Economists warn delayed tariff refund may cost American taxpayers far more than expected
Close to two weeks ago, on February 20, the Supreme Court of the United States strong-armed the President's hopes about exactly how much control he actually has and can exercise. In a landmark ruling, the Supreme Court struck down tariffs that the United States had levied on its trading partners. The apex court reinforced that the tariffs imposed on imports that were invoked under the International Emergency Economic Powers Act (IEEPA) were unconstitutional and that the statute does not authorize the use of tariffs. The president was way over his rights to do so, and only the US Congress has the power to call for such a move.

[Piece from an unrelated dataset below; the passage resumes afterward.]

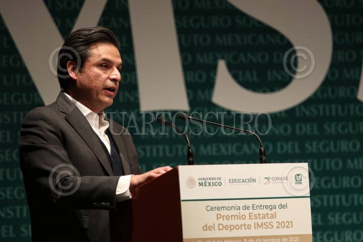 Zoé Robledo Aburto, director general del IMSS durante la entrega del Premio Estatal del Deporte 2021 a Paola Estrada Santana de vóleibol y Jaime Gallegos, Paraciclista.

Since then, the tariffs have been a hot selling point, with many companies wondering if they would ever see the light of day with respect to refunds. The tariffs have raked in close to $175 billion in revenue for the United States, and Trump was banking on this amount to keep up his campaign promises of rebates and refunds, even going so far as to say that soon, income taxes would cease to exist as tariffs would be the alternative that eases the burden of taxpayers. As per a report in Newsweek, economists have thrown caution to the wind with foresight on the havoc these refunds would wreak on taxpayers if they were to be delayed.

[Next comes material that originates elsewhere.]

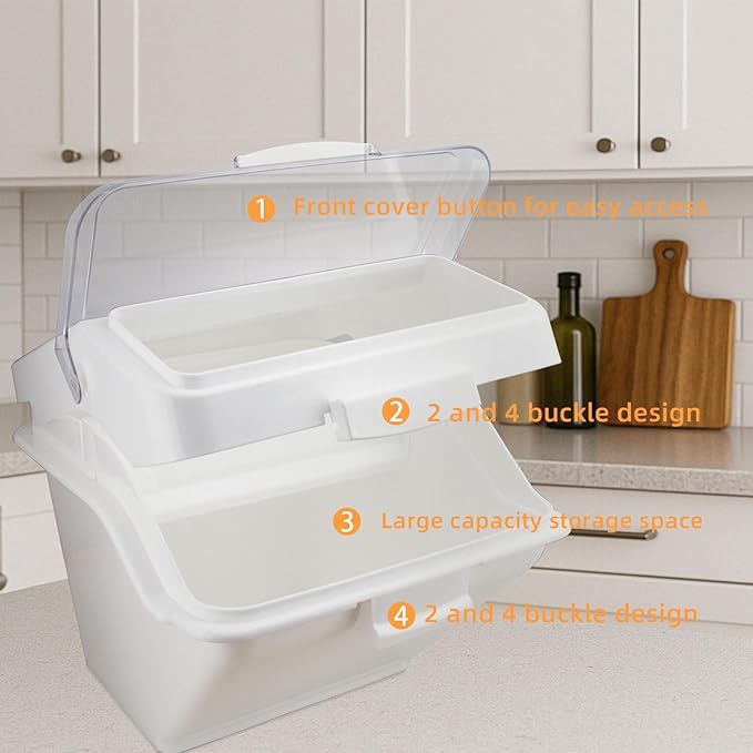 - 1. 【Triple-Lock Buckles & Airtight Seal】The barrel lid features 3 reinforced locking buckles and an embedded silicone gasket. This professional sealing system effectively blocks moisture and air, preventing flour from clumping while keeping contents fresh and dry long-term.

The free-market-oriented Cato Institute published a recent analysis in which it claimed that sitting on $175 billion while the Trump administration reneges on its promises of a refund is costing the U.S. $20 million per day. The month-on-month liability from compounding this interest comes up to $700 million per month, a cost not worth bearing just through delays. We'll break this down. After the court's decision is announced, it takes 32 days from the date of the order for the court to send this decision to the Court of Appeals for the Federal Circuit, wherein multiple companies across the globe have lined up as plaintiffs to request the court to expedite the case of refunds by remanding it to the Court of International Trade.
Adding to the 32-day customary period, the government's lawyers have requested a 90-day pause on this initial process by the CAFC. So by the time the case comes to the Court of International Trade, it would be June 22, approximately. Interest compounds at an annual rate of 4.5% - similar to the IRS's compound rates on overpayments above $10,000. Calculations based on this roughly put the interest accrued per month at $700 million. Just through this 120-plus-day delay that the government has been pushing for, taxpayers will have approximately $3 billion in interest on their hands.
And if we were to go by the President's words and literal strategy to drag this refund issue in courts until the end of his term, then the American public will have about an extra $23 billion that they owe importers. The question begs: Is delaying refunds the right way to go about it? Having painted this grim picture, we also bear some news of relief. The request by the administration's lawyers to pause any action regarding tariff refunds for 90 days has been rejected by the CAFC. So if President Trump were to put his mind to it in the best interests of taxpayers who have not yet been passed on the entirety of the tariffs by some companies through price hikes, tariff refunds processed at the earliest could salvage this quagmire that the U.S. has found itself in.